■ Exercise ■
Span requested from the data below: the line with "The University of Montana" through the line with "Bilety na spektakl", both included. Give only these lines again, exactly, and leave every picture out.

■ Working data ■
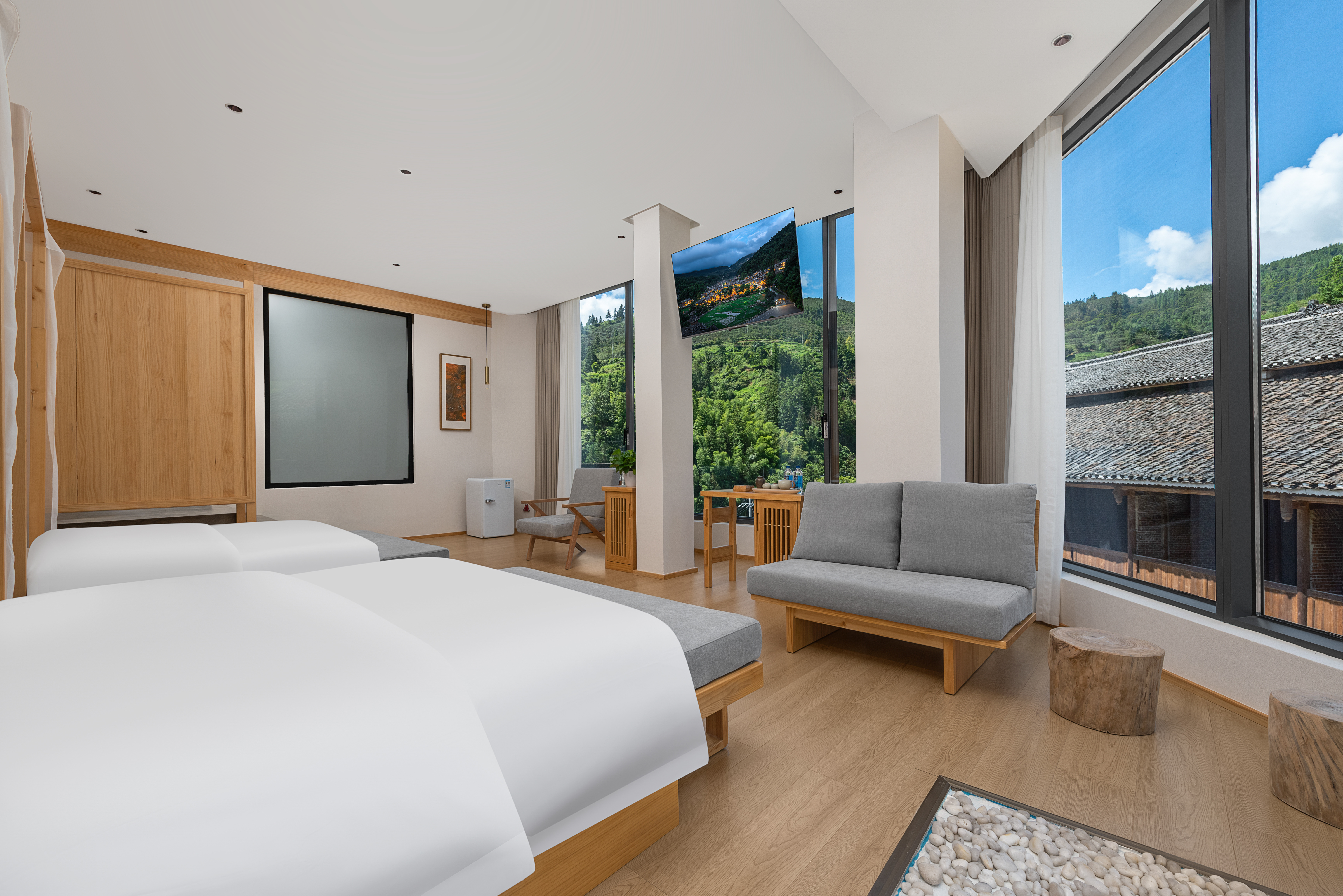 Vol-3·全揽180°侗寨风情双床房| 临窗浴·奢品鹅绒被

* * *

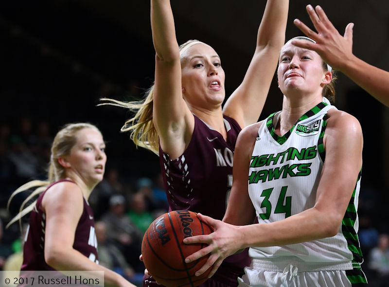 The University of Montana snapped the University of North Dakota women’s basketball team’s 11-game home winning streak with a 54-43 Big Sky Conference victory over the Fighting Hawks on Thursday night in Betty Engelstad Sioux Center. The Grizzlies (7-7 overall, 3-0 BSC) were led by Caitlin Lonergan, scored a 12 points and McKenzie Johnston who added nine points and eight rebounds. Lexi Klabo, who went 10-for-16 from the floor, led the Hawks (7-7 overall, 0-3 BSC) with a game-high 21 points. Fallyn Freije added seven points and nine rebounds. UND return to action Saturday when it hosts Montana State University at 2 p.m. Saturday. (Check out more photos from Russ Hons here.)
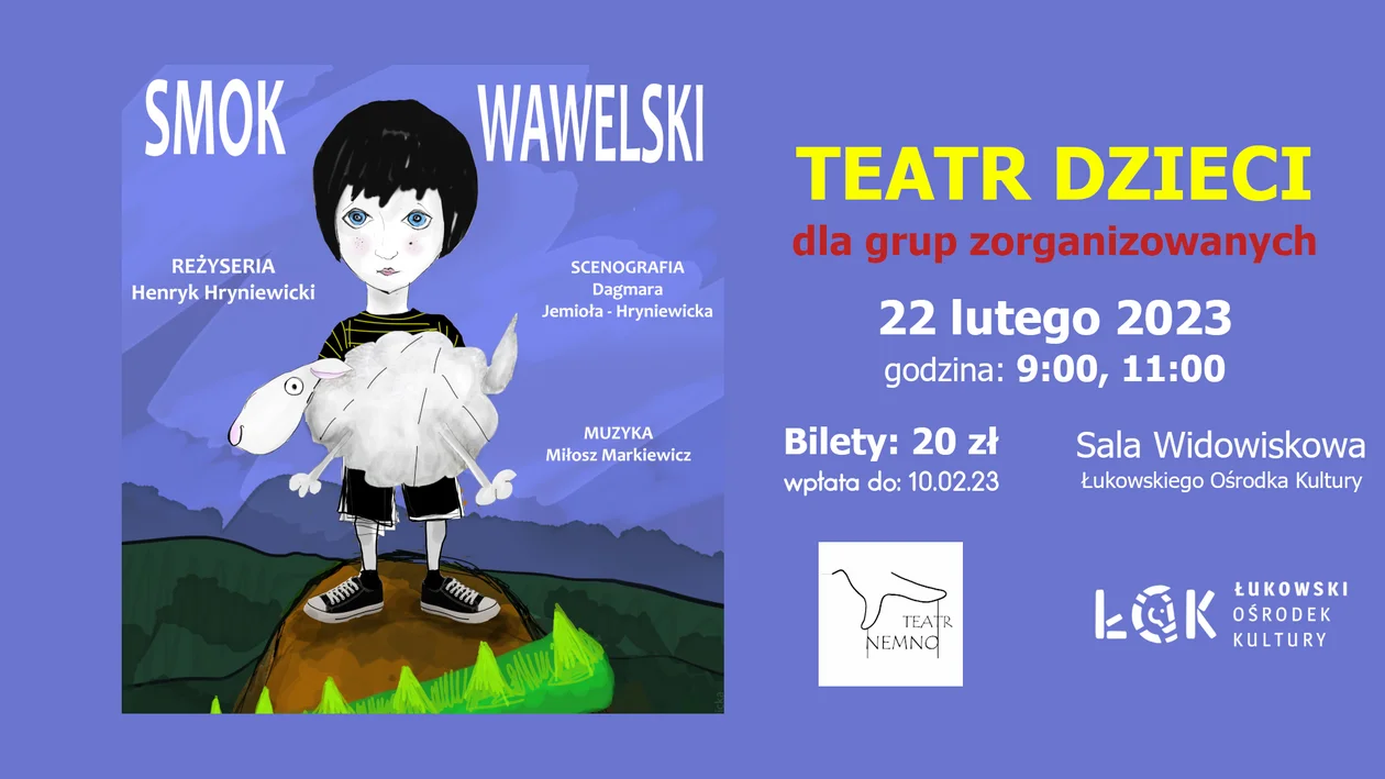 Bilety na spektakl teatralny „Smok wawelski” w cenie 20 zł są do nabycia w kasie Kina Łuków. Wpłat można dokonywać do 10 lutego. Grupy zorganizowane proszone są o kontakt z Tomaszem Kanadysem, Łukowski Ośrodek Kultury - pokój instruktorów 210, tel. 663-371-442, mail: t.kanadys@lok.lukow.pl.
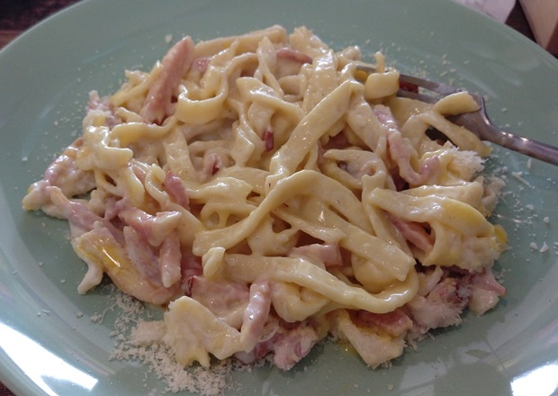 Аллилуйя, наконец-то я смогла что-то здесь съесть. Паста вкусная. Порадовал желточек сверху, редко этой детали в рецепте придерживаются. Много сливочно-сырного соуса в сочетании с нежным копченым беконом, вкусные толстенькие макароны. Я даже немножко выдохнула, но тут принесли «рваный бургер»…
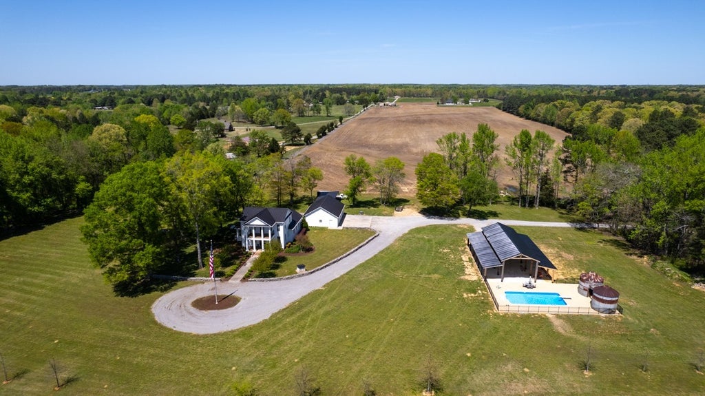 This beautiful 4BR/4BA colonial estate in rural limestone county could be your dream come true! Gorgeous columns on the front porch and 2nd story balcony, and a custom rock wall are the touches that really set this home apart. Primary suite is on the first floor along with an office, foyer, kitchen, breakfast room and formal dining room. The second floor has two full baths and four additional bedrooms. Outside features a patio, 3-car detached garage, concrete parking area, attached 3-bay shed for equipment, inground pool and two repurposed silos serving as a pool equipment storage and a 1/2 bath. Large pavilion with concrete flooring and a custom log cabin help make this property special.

* * *

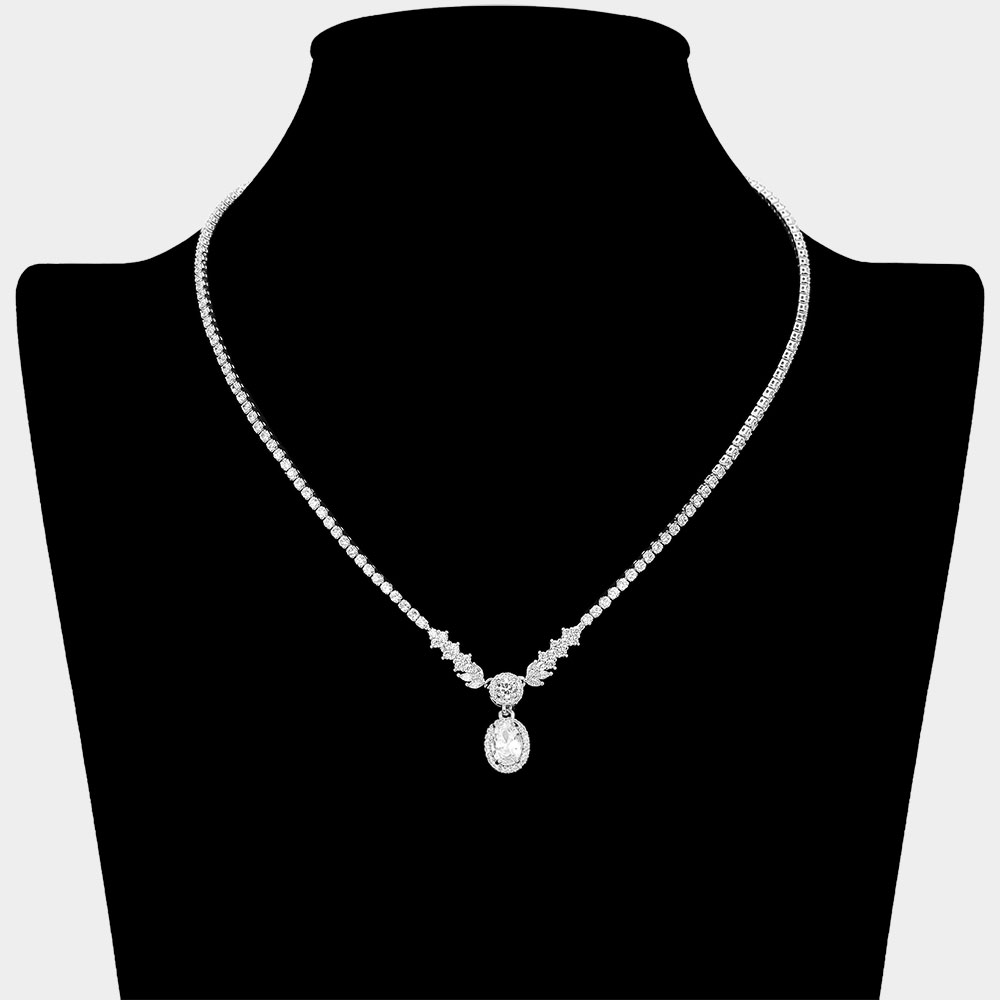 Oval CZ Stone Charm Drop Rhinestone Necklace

■ Your response ■
 The University of Montana snapped the University of North Dakota women’s basketball team’s 11-game home winning streak with a 54-43 Big Sky Conference victory over the Fighting Hawks on Thursday night in Betty Engelstad Sioux Center. The Grizzlies (7-7 overall, 3-0 BSC) were led by Caitlin Lonergan, scored a 12 points and McKenzie Johnston who added nine points and eight rebounds. Lexi Klabo, who went 10-for-16 from the floor, led the Hawks (7-7 overall, 0-3 BSC) with a game-high 21 points. Fallyn Freije added seven points and nine rebounds. UND return to action Saturday when it hosts Montana State University at 2 p.m. Saturday. (Check out more photos from Russ Hons here.)
 Bilety na spektakl teatralny „Smok wawelski” w cenie 20 zł są do nabycia w kasie Kina Łuków. Wpłat można dokonywać do 10 lutego. Grupy zorganizowane proszone są o kontakt z Tomaszem Kanadysem, Łukowski Ośrodek Kultury - pokój instruktorów 210, tel. 663-371-442, mail: t.kanadys@lok.lukow.pl.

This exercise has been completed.